I also consider basic, elementary operations to be O(1), or otherwise I clearly state that. Adding two numbers is O(1), unless we know that our numbers will cause overflow for primitive data types. For example, when assessing a shortest path algorithm, you don't consider the addition of costs to be a heavy operation. In my opinion, we are assuming that all similar algorithms in one category will have the same problem if numbers are larger than a certain bound, and thus they will still be comparable.
Note that we (should) use the bigO notation to compare algorithms, rather than calculate their running time. For this purpose, simple operations that need to be performed in all algorithms of a certain category (e.g. addition) can safely be assumed to have O(1). It's also acceptable to say that the cost of mathematical and logical operations is almost the same. We say a linear search is O(n), and a linear sum is also O(n). So, following this logic, all elementary operations can be thought of as O(1).
As a final note, what if we write an algorithm that requires 128bit, or even 256bit integers? I believe we should not assume it will be implemented with a BigInteger, because in a few years, these data types will probably be mainstream. Think about the same idea for algorithms that were invented in the 1960's, and you'll see how the same logic applies.

I would also assume the best implementation. It usually doesn't matter what it really is unless it becomes a bottleneck, in which case you should be using a better data structure anyways.

In some applications, hashtables inserts/reads are considered O(1) as well. It depends on what your baseline is.
For something even as 'simple' as sorting, if you're comparing sorts of large data that won't fit inside memory, it might be worth considering the access time for the hard disk as well.
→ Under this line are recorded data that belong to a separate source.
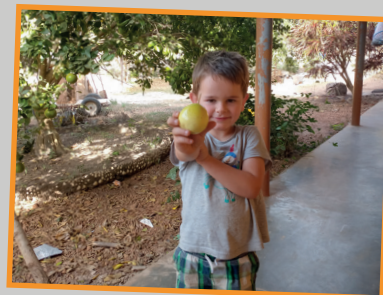
Moet je deze lekkere passievrucht eens zien!
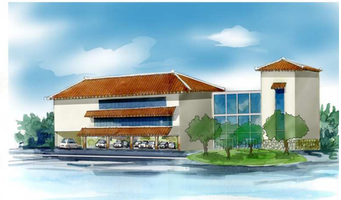
交流施設イメージ
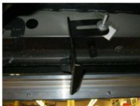
Рис.5 Установка среднего кронштейна
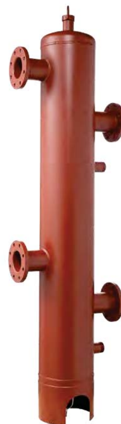
“Réalisation sur mesure”
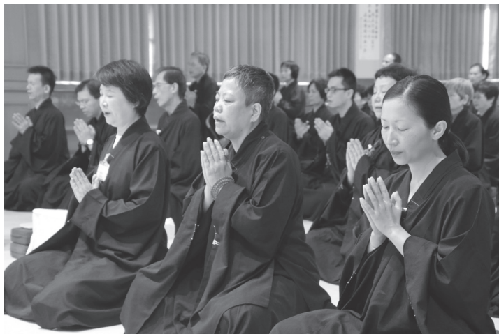
想往生極樂世界，念佛須一心不亂。

你昨天在哪裡受到驚嚇了，我也在旁邊念：「阿彌陀佛，阿彌陀佛！」我的意思叫你「不要怕，不要怕」。
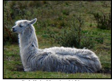
Şekil 1. Huarizo [12]

Huarizo, erkek lama ile dişi alpakadan elde edilen bir hibriddir [8, 9]. Genellikle nadir bulunan yapağısı için yetiştirilmektedir. Huarizolar genellikle kısır, ancak Minnesota Rochester üniversitesinde yapılan genetik araştırmalar çok küçük bir genetik modifikasyonla doğurganlığın korunmasını sağlamanın mümkün olabileceğini ortaya koymuştur [9]. Orijinleri deve yetiştiriciliğinin kontrolsüz olmaya başladığı İspanyol işgalinin hemen sonrasına dayanmaktadır. Genellikle yüksek oranda kalın lif içeren yapağıları nedeniyle Peru'daki tüm deve lifi endüstrisindeki insanlar tarafından bu hibridler makbul sayılmamaktadır [10]. Lama'ya benzeyen Lama/Alpaka hibridi "Warilla" olarak da bilinmektedir, ancak eğer Alpaka ebeveynine benziyorsa "T'aqa" olarak adlandırılmaktadır [11]. Şekil 1'de bir Huarizo görülmektedir.
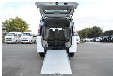
特別装備 (スロープ式)
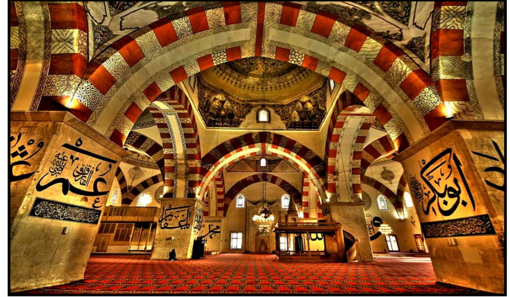
Eski Camii - Edirne
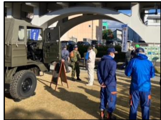
→みんな揃ってロープワーク
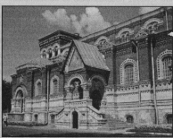
Музей Хрустала им. Мальцовых будет работать до позднего вечера
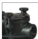
Tapa de prefiltro transparente
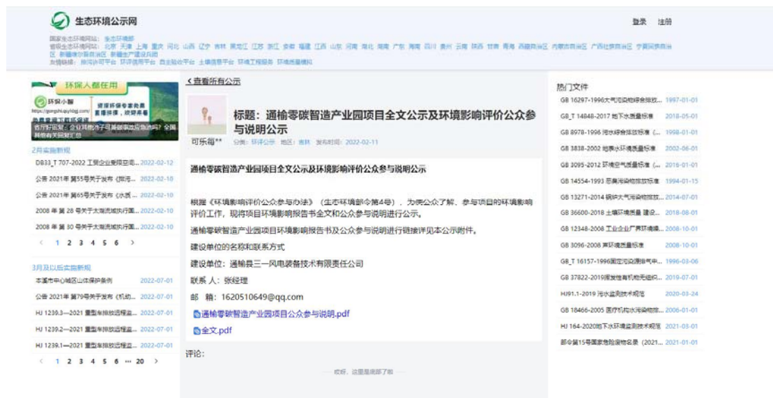
图 6-1 报告书全文和公众参与说明公开页面截图
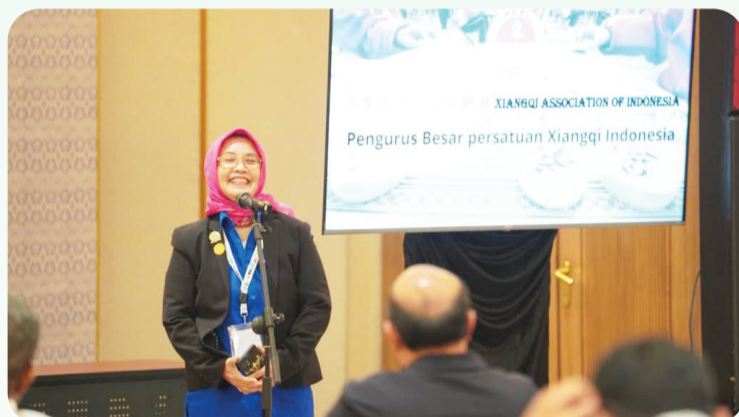
Pemameran tentang Xiangqi oleh sekretariat PB PEXI.
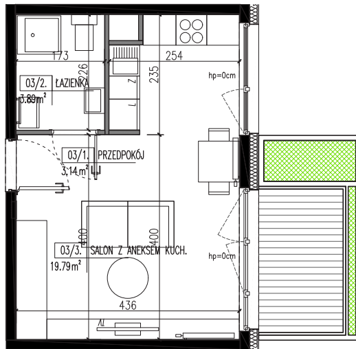
MIESZKANIE A203 - 26.82 m 2
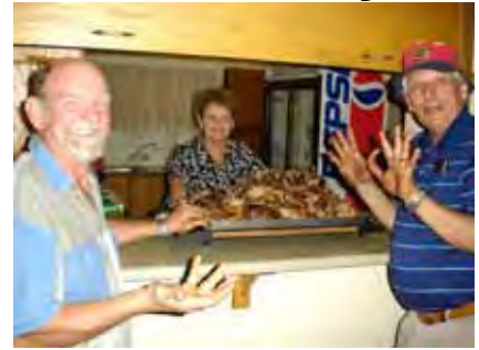
Kyk, ons het nog al 10 ons vingers!
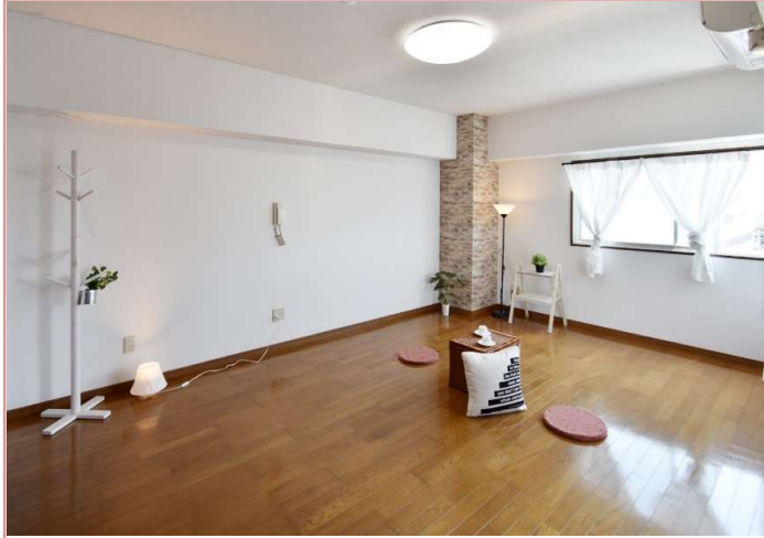
10畳あれば、色々な活用法があります！
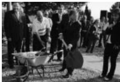
Momento de cubrimiento de la urna.
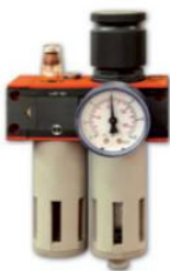
AIR TREATMENT GROUP

Composed by filter, pressure adjustment and lubricator
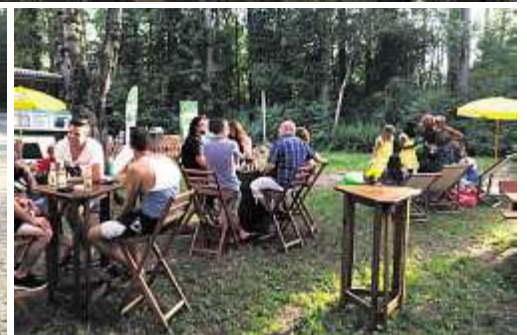
Lord Somersby und seine Helferinnen tourten mit dem Somersby-Bus durch die ganze Schweiz und veranstalteten unvergessliche Pop-up-Partys.

Auch wenn das Wetter in diesem Sommer zu wünschen übrig liess: Lord Somersby brachte mit den Events den Somersby-
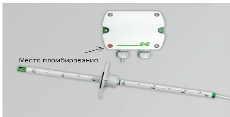
Рисунок 1 - Общий вид модели ЕЕ650

Общий вид измерителей и мест их пломбирования представлен на рисунках 1 - 11. Пломбирование осуществляется нанесением специальной метки на винт, защищающий от внешнего вмешательства к деталям, от которых зависит работа датчика. В качестве метки может выступать краска или бумажная мембрана.
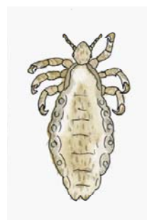
アタマジラミ 成虫
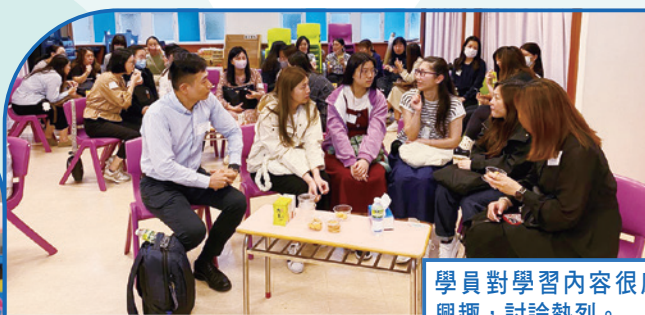
學員對學習內容很感興趣，討論熱烈。
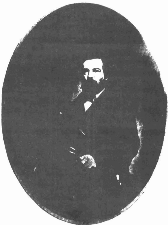
பிரெடெரிக் எங்கெல்ஸ். 1864

ஞான ஆராய்ச்சிகளில் ஈடுபடுவதும் போன் நகரத்தில் ஒரு பேராசியப்பதவியைப் பெறுவதும் அவருடைய உத்தேசமாக இரு
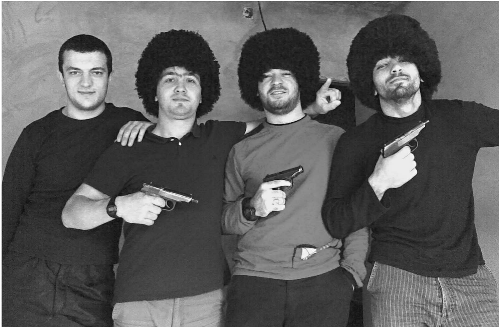
Молодых людей манит прежде всего оружие. Религиозный фанатизм приходит позже

На юге России бандформирования работают по бизнес-планам
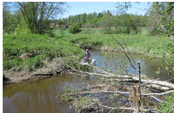
Trevelt over elva kan være irriterende for båtlivet, men er gullverdt for fisk og annet liv i elva.

Vassdrag er mye brukt til friluftaktiviteter, som bading, fiske, båtliv, kano- og kajakkpadling. Dessuten legges ofte stier og turveier langs elver og innsjøer, siden utsikten til vann og muligheten til å oppdage vannlevende organismer som fisk, fugl, amfibier og små pattedyr kan øke opplevelsesverdien av turen. For friluftslivet langs og i elver er det ofte viktig med tilgang til vannstrengen og fri ferdsel i vannet. Da kan det være ønskelig å 'renske' bort en del trær og busker som har falt ned, og å rydde turveier langs vannet. Når vassdrag skjøttes med tanke på friluftsliv er det imidlertid viktig å huske at dyrelivet – både på land og i vann – påvirkes kraftig når kantvegetasjonen fjernes. Turstier som anlegges langs jordbruksvassdrag kan også virke som effektive transportveier for vann, jord og næringsstoffer – fra åker via sti til vann. Et kompromiss er å la stien svinge innom elva stedvis, men ikke kontinuerlig.
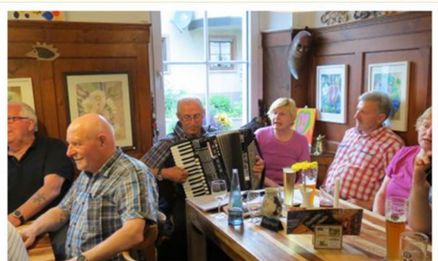
Musikanten-Stammtisch im Gasthaus Schützen, Endingen
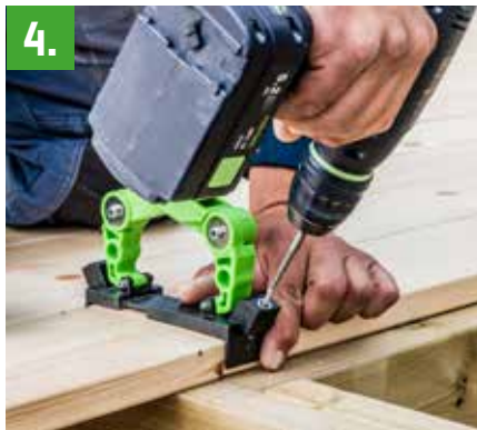
4. Monter med HDS-bits – begynn alltid med den ytterste skruen.

In this case, mergesort is much better than almost all of the other algorithms.
In other cases, specialized hardware may make some algorithms perform much better, by allowing things to be done in constant time that that might take O(n), normally.

Not exactly an answer to the question but this question remind me how luckily somebody had already invented RAM (RANDOM Access Memory) The question will be much difficult without it.
I think bigO notation is not an absolute property of the system. Any bigO statement need to be attached with the assumption on what kind of input is interested and expected to growth.